ATLANTA – A large spider native to East Asia is spinning its thick, golden web on power lines, porches and vegetable patches across northern Georgia this year – a spread that has driven some anxious homeowners indoors and prompted a slew of anxious social media posts.
In metro Atlanta, self-described arachnophobe Jennifer Turpin stopped blowing leaves in her yard after inadvertently walking into a web created by a guru spider. Stephen Carter avoided a walking path along the Chattahoochee River as he encountered Joro Nets every tens of steps.
Far east in Winterfell, Georgia, Will Hudson’s front porch is rendered unusable amid an abundance of 10-foot (3-meter) deep Joro nets. Hudson estimates that he killed more than 300 spiders on his property.
“Networks are a real mess,” said Hudson, an entomologist at the University of Georgia. “No one wants to walk out the door in the morning, walk down the stairs and have a face full of spider webs.”
The Joro – Trichonephila clavata – is part of a group of spiders known as orb weavers for their highly organized wheel-shaped webs. Common in Japan, China, Korea, and Taiwan, female guru have yellow, blue, and red colored markings on their bodies. They can measure 3 inches (8 cm) when their legs are fully extended.
It is not clear exactly how and when the first spider guru reached the United States. In Georgia, a researcher identified one 80 miles (128 km) northeast of Atlanta in 2014. They were also found in South Carolina, and Hudson is convinced they will. spread across the south.
It’s also not clear why they’re in abundance this year, although experts agree their numbers have exploded.
“We see natural tides in groups of many different species that may be related to local conditions, particularly subtle changes in precipitation,” said Paula Cushing, an aquabiologist at the Denver Museum of Nature and Science.
Cushing and other experts say that Joros are not a threat to humans or dogs and cats and will not bite them unless they feel very threatened. Hudson said a researcher collecting her with her bare hands reported an accidental pinch, but said spiders never broke their skin.

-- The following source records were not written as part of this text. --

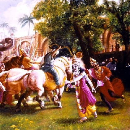 Depois de tomarem Seus banhos e terminarem Seus deveres matinais, Krishna e Balarama ouviram o bater dos tambores no campo de luta. Eles Se prepararam imediatamente para procederam ao local para ver a diversão. Quando Krishna e Balarama chegaram ao portal do campo de luta, viram um grande elefante de nome Kuvalayapida que era guiado por um cuidador. O cuidador deliberadamente bloqueava a entrada Deles com o elefante em frente ao portal. Krishna pôde entender o propósito do cuidador, e Se preparou ao apertar Sua roupa antes de combater o elefante. Ele começou a Se dirigir ao cuidador com a voz bem grave, que ressoava como uma nuvem: "Seu cuidador miserável, dê passagem e deixe-Me passar pelo portal. Se você bloquear Meu caminho, mandarei você e seu elefante à casa da morte personificada".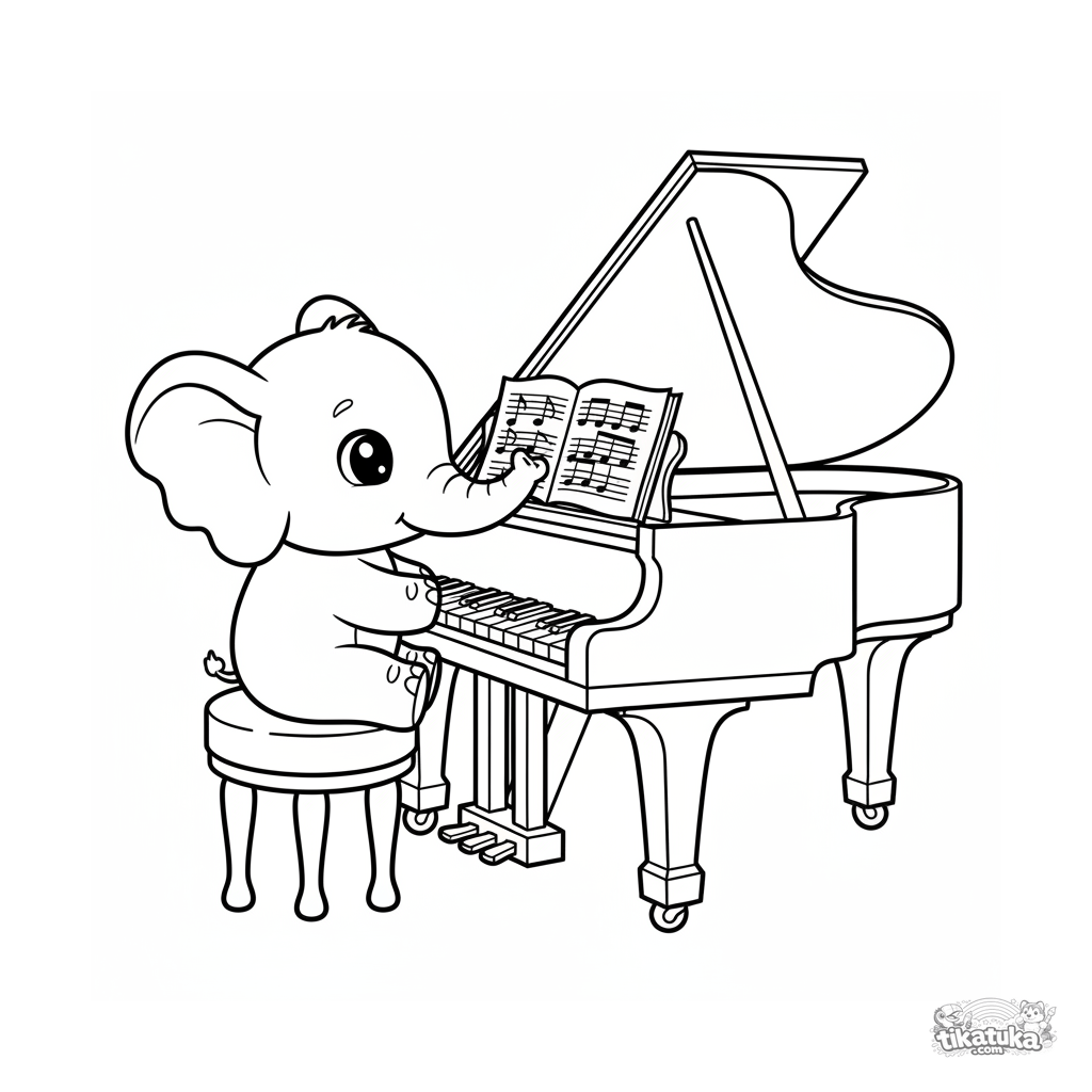 Página para colorir simples para bebês 2-3: um bebê elefante fofo explora um grande piano de cauda no palco.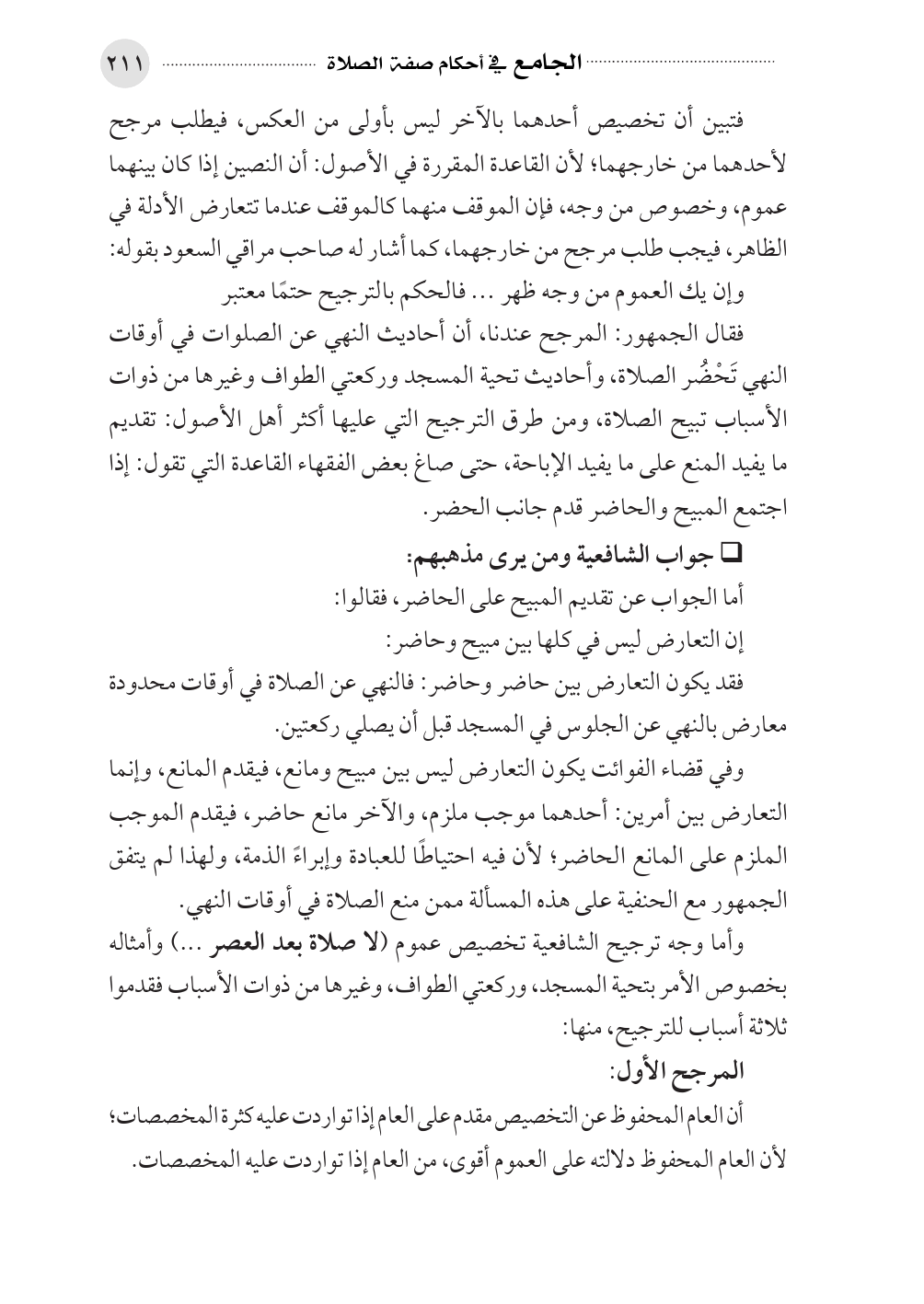 وأما وجه ترجيح الشافعية تخصيص عموم (لا صلاة بعد العصر ... ) وأمثاله بخصوص الأمر بتحية المسجد، وركعتي الطواف، وغيرها من ذوات الأسباب فقدموا ثلاثة أسباب للترجيح، منها:

However, researchers do not fully agree on the effect, if any, of the spider has on other species and the environment.
Debbie Gilbert, 67, can’t wait to find out. She has adopted a zero-tolerance policy for spiders around her home in Norcross, Georgia, wrapping their webs with a stick, dropping and trampling them.
I don’t advocate killing anything. I live at peace with all the spiders here and everything else. “But (Gurus) doesn’t belong here, that’s it.”
Turpin, 50, tried to set fire to a guru’s spider web in her East Cobb home, but then got scared that it would fall on her and fall into a ditch as she quickly retreated. She had a neighbor remove it instead.
“I don’t think I’m going to do yard work anymore,” she said.
Goros helps suppress mosquitoes and killer flies, said another entomologist Nancy Henkel at the University of Georgia, one of the few spiders that will capture and eat brown stink bugs, which are dangerous pests of many crops.
“That’s cool. That’s exciting. Spiders are our friends,” she said. “They’re out there hunting all the pests we don’t want around our house.”
Ann Ripstra, who studies spider behavior at the University of Miami, has been more circumspect in her assessment of possible Jura effects, saying more research is needed.
“I’ve always erred on the side of caution when you have something that establishes itself in a place where it’s not supposed to be,” she said.
Researchers at Clemson University in South Carolina were also more cautious, saying in a fact sheet published online in August that they “do not yet know whether there will be any negative effects from this non-native species on the local environment in South Carolina.”
Amateur gardeners and naturalists have raised concerns about the safety of native spiders, bees, and other pollinators.
Cushing said Joros may be large enough to stand up to large pollinators caught in their nets, but that these insects may be a tiny part of their diet. Rypstra has studied a similar type of spider and said that its webs are used by other spiders as a food source, so Joro may help domestic spiders. But she said there is also evidence that Uros competes with other weavers.
Conclusion: There are many unknowns.
Most Joros are expected to die by late November, but they may return in large or even greater numbers next year, although scientists say even this is difficult to predict with certainty.
Anthony Trindell, a homeowner in Suwanee, Georgia, is enjoying it at the moment. He created a website, jorospider.com, to share his enthusiasm about spiders and advance their understanding. He said that while they raise fears and can be intimidating, they are also beautiful.
“Things have been difficult,” he said. “I wanted to find some good in this world. For me, nature is an easy place to find.”